Protonenpumpenhemmer (PPI) werden im Alltag oft reflexhaft als Refluxmittel oder Magenschutz eingeordnet. Für EoE greift das aber zu kurz. PPIs senken zwar die Magensäure, können aber darüber hinaus auch anti-entzündliche Effekte in der Speiseröhre haben. In der Praxis bedeutet das: Ein PPI-Versuch bei EoE ist nicht nur eine Reflux-Abklärung, sondern kann ein eigenständiger Therapieschritt sein. Entweder als Monotherapie bei milderer Erkrankung oder als Baustein in Kombination mit Ernährung und anderen Medikamenten.
Diese Unterscheidung ist wichtig, um zwei typische Fehler zu vermeiden. Der erste: PPI wird bei EoE nur dann eingesetzt, wenn Refluxsymptome bestehen. Dann verpasst man potenzielle Responder ohne klassisches Sodbrennen. Der zweite: PPI wird zu lange fortgeführt, obwohl die Erkrankung objektiv nicht kontrolliert ist, nur weil Symptome sich etwas gebessert haben.
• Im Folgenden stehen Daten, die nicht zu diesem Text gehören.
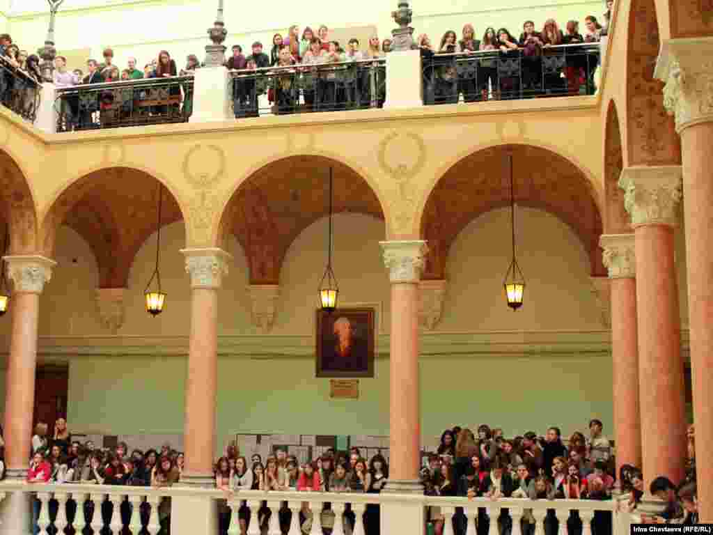Russia--Visit of Russian President Dmitry Medvedev at the The Faculty of Journalism at Lomonosov Moscow State University, MSU, 20Oct2011
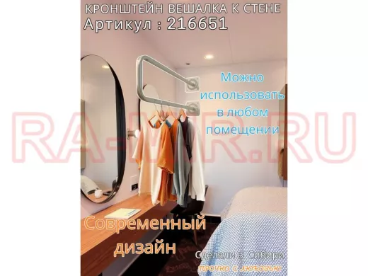 Кронштейн для плечиков с одеждой крепится в углу гардеробной или комнаты, также может крепиться к потолку и стене.
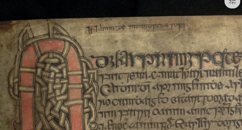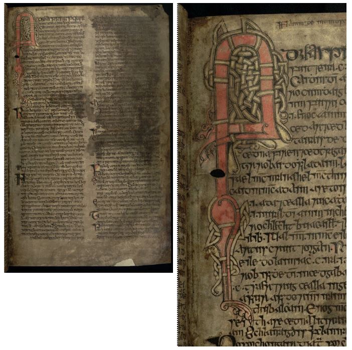 [Fig. 2 – Book of Ui Mhaine (RIA MS D ii 1) f.48r.] [Fig. 3 – Detail of the decorated initial on f.48r.]
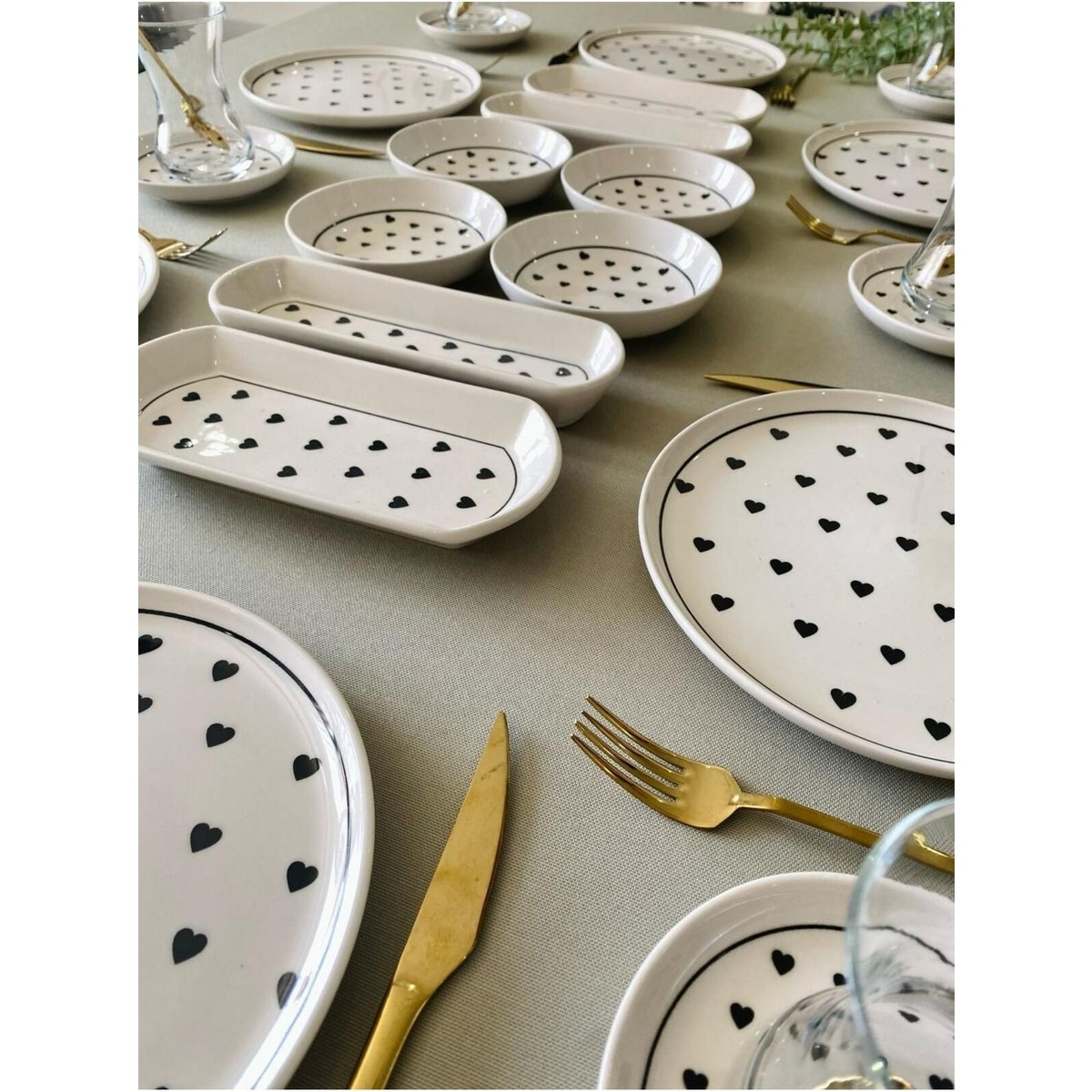Modern tasarımıyla dikkat çeken siyah kalp deseniyle sofralarınıza şıklık katıyor.; – 6 kişilik geniş kapasitesi ile aile yemeklerinizden özel davetlerinize kadar her türlü etkinlikte rahatlıkla kullanılabilir.; – Yüksek kaliteli seramik malzemesi sayesinde uzun ömürlü kullanım sunar ve kolay temizlenebilir özelliğiyle pratik bir bakım imkanı sağlar.; – Mikrodalgada güvenle kullanabileceğiniz bu set, hızlı ısıtma ihtiyaçlarınızda da yanınızda.; – Gıdaya temas edebilecek şekilde tasarlanmış olup, sağlıklı ve hijyenik bir kullanım vaat eder.; – Yuvarlak şekliyle klasik ve zamansız bir görünüm sergileyerek her türlü masa düzenine uyum sağlar.; – Toplamda 20 parçadan oluşan bu set, zengin çeşitliliğiyle günlük kullanım için idealdir.
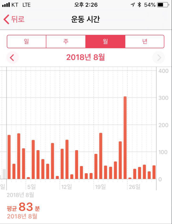 8월 한달 나의 평균 운동시간은 83분이다. 하루 300분 운동을 했다고 기록된 날이 있는데, 토요일에 라운딩이 나갔는데 그게 다 운동으로 기록된 것 같다.
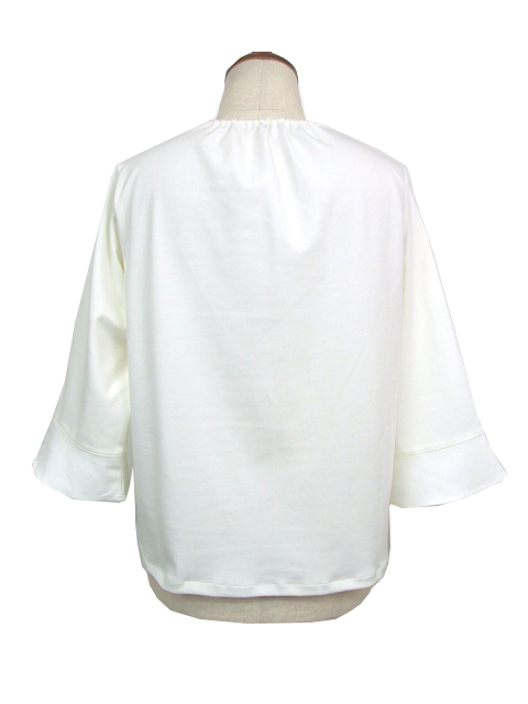 後ろネック部分はゴムギャザー使いで、脱ぎ着も着心地もストレスフリー◎
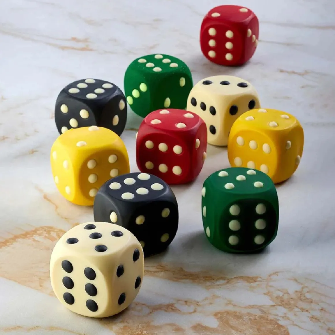 Maak bijvoorbeeld dobbelsteendesserts met een kern van mousse en een fluweelcoating of kleurrijke bonbons met een zachte vulling in deze siliconen vorm. De dobbelstenen zijn gewelidg bij onder meer spelletjesfeestjes of kinderevenementen, maar ook geschikt als originele toevoeging op dessertborden.
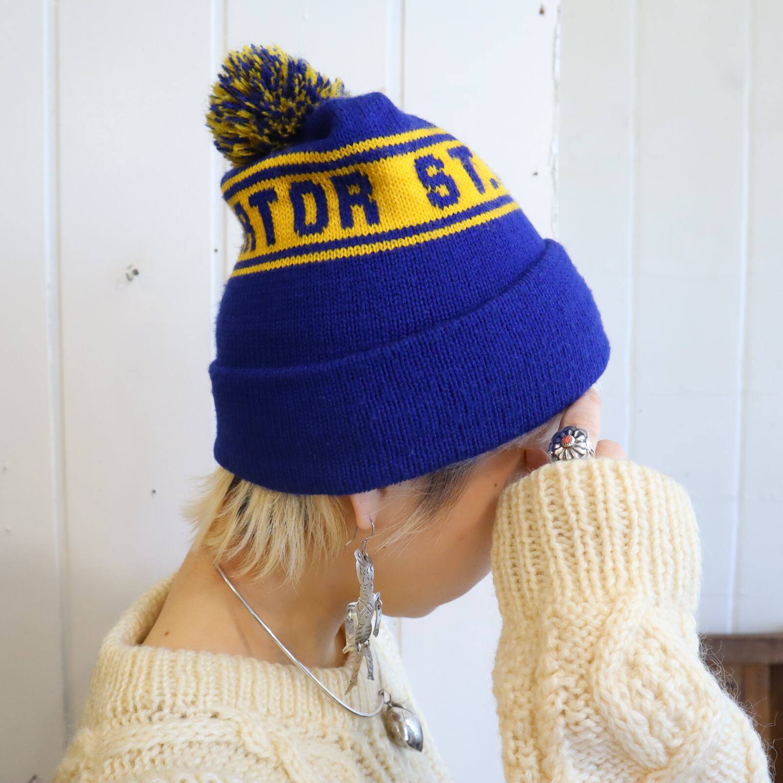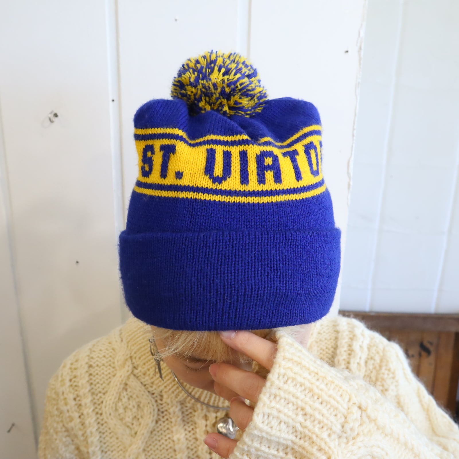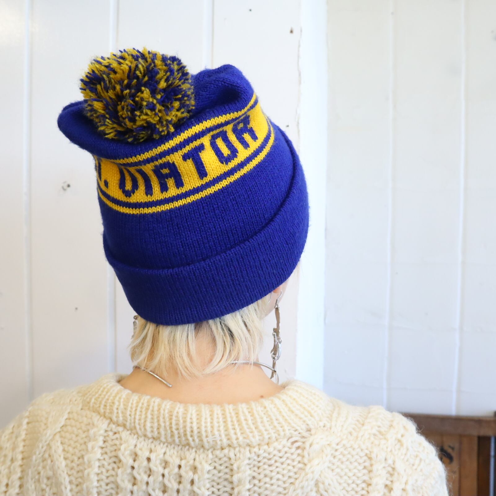 made in USA blue×yellow ponpon knit hat [l-4945]
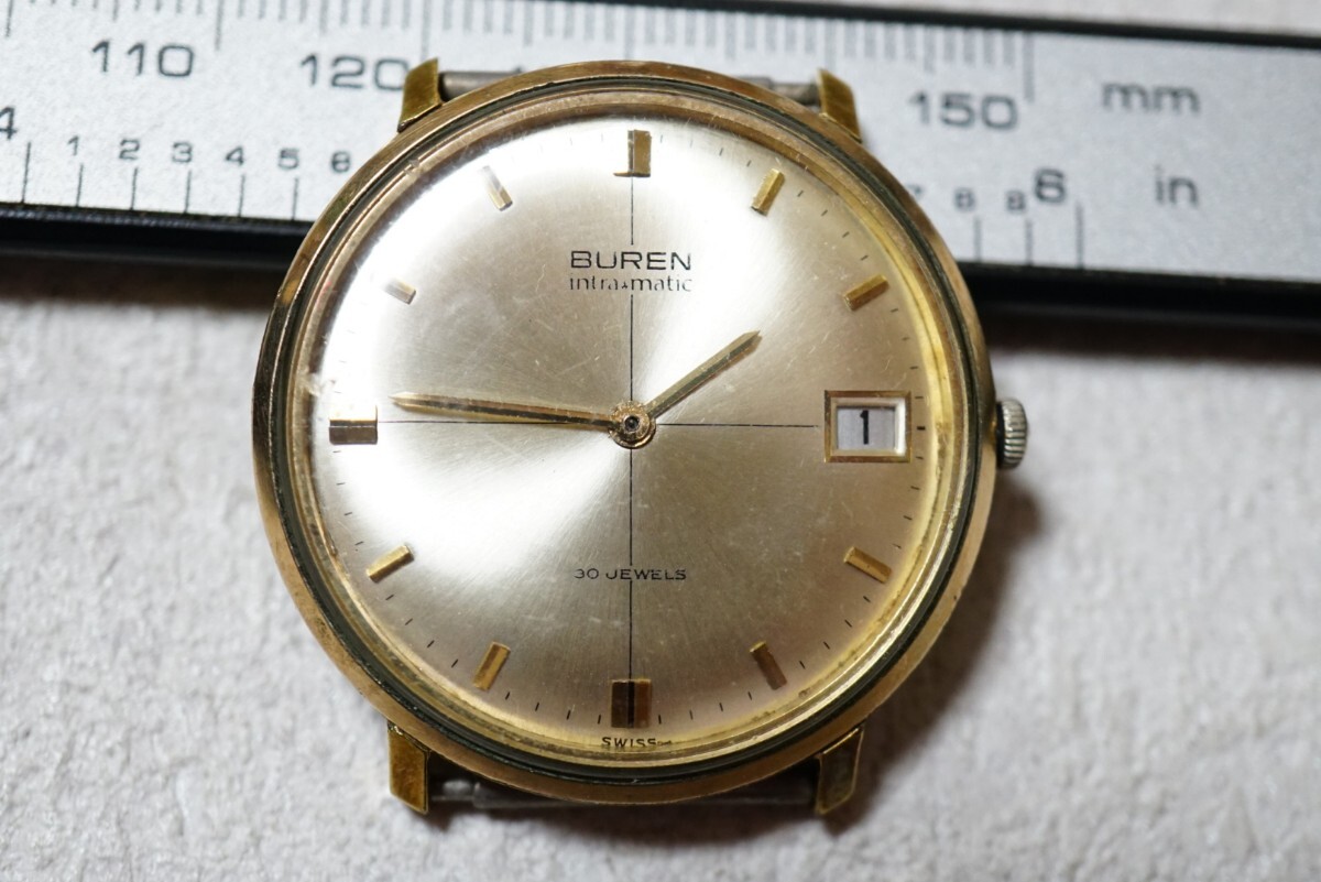 - F2014 稼動品 BUREN/ビューレン SWISS intra matic 30石 自動巻き フェイス 文字盤 メンズ 腕時計 アクセサリー ヴィンテージ ブランド
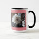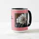 15 OZ. mug with beautiful spring blossom that was in a vase and forced in February, which is very early in the high dessert of Eastern Oregon. Pink background and Sumpter Valley Engineer's Gallery on the other side. This mug is used in the J Bar B Studio of Sumpter Valley Engineer's Gallery, and the trees that the blossom is from grow in the yard of the studio. Photograph by Cynthia Mayhall Christy. Please customize color and text to fit your preferences.
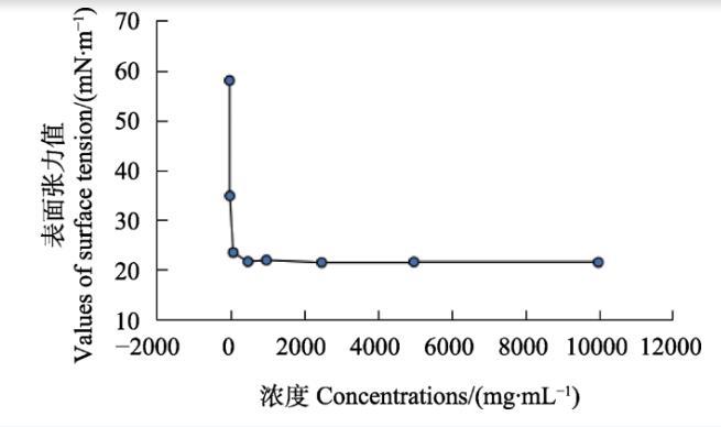 按國家標準GB 5549—2010的方法,將助劑380配置成1、10、100、1000、10 000、100 000 mg/mL系列濃度,用表面張力儀測定相應(yīng)濃度藥液的表面張力。以濃度和其對應(yīng)的表面張力值分別為橫縱坐標作圖,獲得一條曲線,曲線拐點對應(yīng)的濃度即為助劑380的臨界膠束濃度。
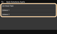 Kağıt kaynağından bağımsız olarak tüm yazdırma işleri için yazdırma konumunu ayarlamak için işletim panelindeki ayar menüsünde <Fonksiyon Ayarları> öğesini kullanabilirsiniz. Yazdırma konumu 0,5 mm artışlarla -50,0 mm ile +50,0 mm arasında ayarlanabilir. <Kısa Kenar Uzunluğu/Uzun Kenar Uzunluğu>

Genau hier kommt wieder das Prinzip in Spiel, dass die Symptome nicht gleich der Entzündungsaktivität entsprechen: PPI kann subjektive Beschwerden reduzieren, ohne die Entzündung vollständig zu beseitigen, oder umgekehrt eine histologische Besserung zeigen, die klinisch nur wenig auffällt.
Ein strukturierter Umgang mit PPI in EoE beginnt mit klaren Zielen und klarer Messung. Ziel kann sein: Remission durch alleinige PPI-Therapie, partielle Kontrolle als Teil einer Kombination, oder ein definierter Versuch, um zu entscheiden, ob PPI im individuellen Plan einen Platz hat. In allen drei Fällen ist entscheidend, dass man nach einer festgelegten Zeit nicht nur nach einer symptomatischen Besserung fragt, sondern objektiv prüft, ob die Entzündung wirklich zurückgeht. Sonst wird PPI zur Dauerlösung ohne Nachweis des Nutzens.
In der Ernährungsmedizin ist PPI außerdem relevant, weil es die Therapiearchitektur beeinflusst. Wenn ein Patient unter PPI bereits eine deutliche Entzündungsreduktion erreicht, kann eine Diät weniger restriktiv gewählt werden. Das ist besonders attraktiv, wenn Lebensqualität, Wachstum oder psychosoziale Faktoren im Vordergrund stehen. Umgekehrt kann ein fehlendes PPI-Ansprechen ein Signal sein, dass Ernährung als primäre Strategie oder eine anti-entzündliche Medikation schneller notwendig wird.
Ein weiterer praktischer Punkt: Die Adhärenz bei PPI ist oft höher als bei strenger Diät. Das kann bei Jugendlichen oder in belasteten Familiensituationen ein realistischer Vorteil sein. PPI ist weder nur Reflux noch Wundermittel, sondern ein Werkzeug, das bei einigen Patienten gut passt und bei anderen nicht. Der Wert hängt stark davon ab, wie klar man es in einen messbaren Therapieplan einbettet.